From this discussion I conclude that there are basically three tiers of platform support for any atomic operation:

• full native support: blazingly fast
• loop emulation (when only larger atomics are available): still fast but may slow down a bit if highly contended
• mutex emulation: orders of magnitude slower

Two directly conflicting goals are a) portability and b) protecting the programmer from a potential performance footgun (using emulated atomics over a more efficient solution).

I think these very different goals deserve different treatment: While an application targeted towards a machine that only offers 32-bit atomics is almost always better using 32-bit atomics instead of loop-emulated 16-bit atomics (potentially wasting some memory though), I'd much rather have a library fall back to loop emulation than getting a compile error - the slight performance impact is just not worth the despair of having to dive into a foreign codebase in order to fix portability errors.

Mutex emulation is less obvious considering that it can slow down an application by several orders of magnitude.
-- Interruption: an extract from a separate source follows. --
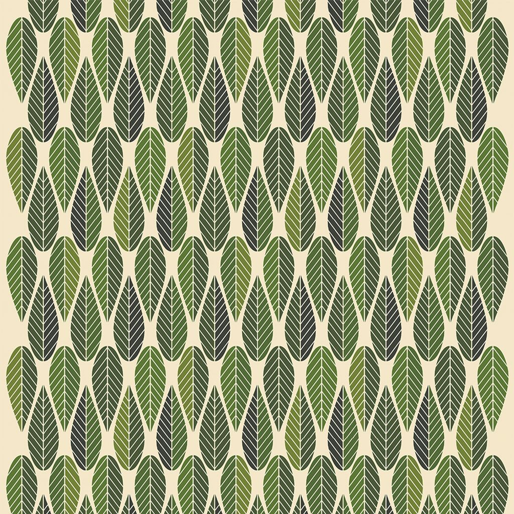 Bladmönstrat tyg i gröna toner – stilren retrodesign på linnefärgad botten.
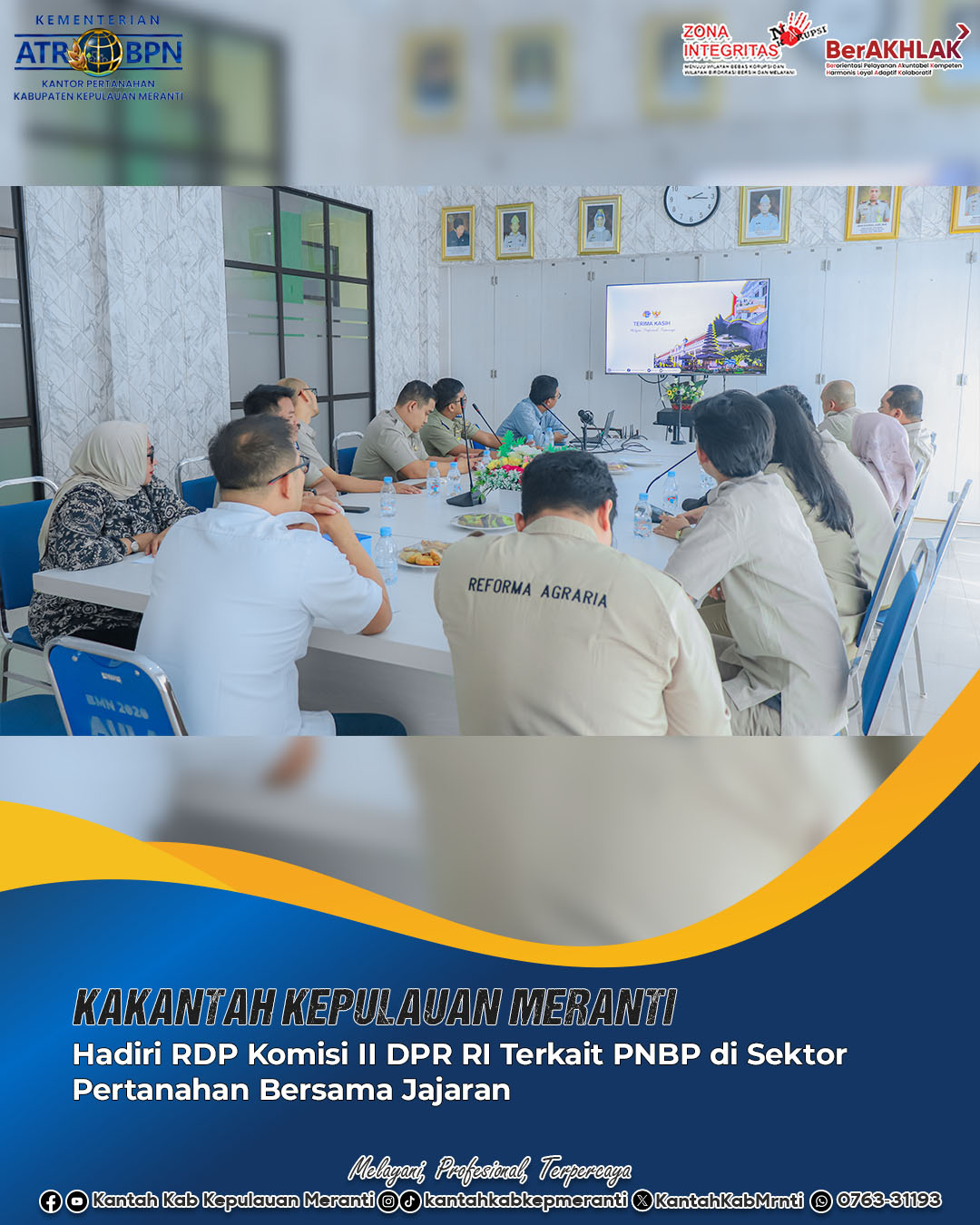 Kehadiran Kepala Kantor Pertanahan Kabupaten Kepulauan Meranti bersama jajaran dalam rapat ini merupakan bentuk dukungan terhadap transparansi dan akuntabilitas pengelolaan PNBP di bidang pertanahan. Melalui partisipasi aktif, Kantor Pertanahan diharapkan mampu menyelaraskan pelaksanaan tugas di daerah dengan kebijakan nasional, serta memastikan bahwa layanan pertanahan dapat memberikan manfaat optimal bagi masyarakat sekaligus berkontribusi nyata terhadap penerimaan negara.

But I would argue that from a portability standpoint ("I'm trying to use someone else's code on my platform") even this is generally acceptable.
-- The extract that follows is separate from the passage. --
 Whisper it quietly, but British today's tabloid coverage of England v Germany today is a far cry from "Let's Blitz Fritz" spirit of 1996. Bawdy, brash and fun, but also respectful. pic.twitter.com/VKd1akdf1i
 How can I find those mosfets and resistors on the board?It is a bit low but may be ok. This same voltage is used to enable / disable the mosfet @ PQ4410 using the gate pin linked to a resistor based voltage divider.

Similar to how I don't get linter warnings for dependency crates, this is how I think the compiler should react to different kinds of atomic calls:

Compile type	Native support	Loop emulation	Mutex emulation
Local	fine	warning	warning
Dependency	fine	fine	warning

This gives me a heads up if a crate I'm depending on is going to be severely slower while avoiding accidental performance problems from my own code.

[HadrienG2]

I generally agree with your sentiment about tiers of atomic support. But note that some popular RISC platforms, such as 32-bit ARM, require all atomics to be implemented using load-linked/store-conditional loops. I would be wary of linting on those, so it feels to me that such a lint should be allow-by-default.

[Amanieu]

Even on x86, some atomic operations are implemented using a cmpxchg loop, e.g. fetch_and. Implementing atomic operations using a loop is completely normal and should be treated the same way as native support.
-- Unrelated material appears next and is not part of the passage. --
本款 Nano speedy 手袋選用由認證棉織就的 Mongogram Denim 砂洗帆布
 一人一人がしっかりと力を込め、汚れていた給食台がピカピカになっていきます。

The performance isn't actually the reason why we make a distinction between so called "lock-free" atomics and ones emulated with a mutex. If you are using atomics to share data between main code and a signal/interrupt handler then you must use lock-free atomics, otherwise your code may deadlock. This can happen if the interrupt happens while the mutex used for atomic emulation is locked.

[HadrienG2]

Maybe a bit of extra terminology could help here. When atomics are implemented using CAS or LL/SC loops, they are lock-free but not wait free.

In simple terms, lock-freedom means no single thread can block every other thread if 1/it only interacts with them via atomics and 2/the atomics are not used in a loop to implement a higher-level lock.

Wait-freedom, in contrast, means that a thread cannot be infinitely delayed by other threads hammering the atomic in a loop. This is obviously not true of an atomic operation that is implemented via a CAS or LL/SC loop.

Since we cannot provide wait-free atomics on some platforms, we may want to clarify in the documentation that atomics are only guaranteed to be lock-free, not wait-free.

[tormol]

If [#{cfg(accessible(...)]](https://github.com/rust-lang/rfcs/pull/2523) is added I think it will cover all use cases of #[cfg(target_has_atomic="x")], as users can then check for the presence of the atomic types directly.

Then one use case I could think of, if smaller atomics are emulated and therefore always present but target_has_atomic="x" is only true if there is native support, is using it to check for wait-freeness. But from Amanieu's comment above, that would only tell whether store() is wait-free, so people will need to check that the specific operations they need are wait-free.

Now, accessible(...) hasn't even passed the RFC stage yet, but it seems like a much cleaner solution than exposing a target_has_xxx attribute for each kind of target feature. Stabilizing the types without either accessible(...) or target_has_atomic="x" being available would still be useful, as people can use target_arch="x" which while less portable, offers much stronger guarantees.

[Valloric]

I think that documenting that atomics are at least lock-free and possibly wait-free should be enough to move forward. An optional documentation feature that would make this pretty damn perfect: also documenting which platforms/atomic sizes are wait-free.

In general, I completely agree with @Amanieu that CAS loop (AKA lock-free but not wait-free) atomics would be considered "native atomic support" by basically everyone. But going above-and-beyond by documenting this should settle any concerns.

[alexcrichton]

I'm nominating this for discussion at the next libs triage meeting, but to try to make progress on this discussion I'd like to separate out a few points. If others have thoughts on these (or other points), please let me know!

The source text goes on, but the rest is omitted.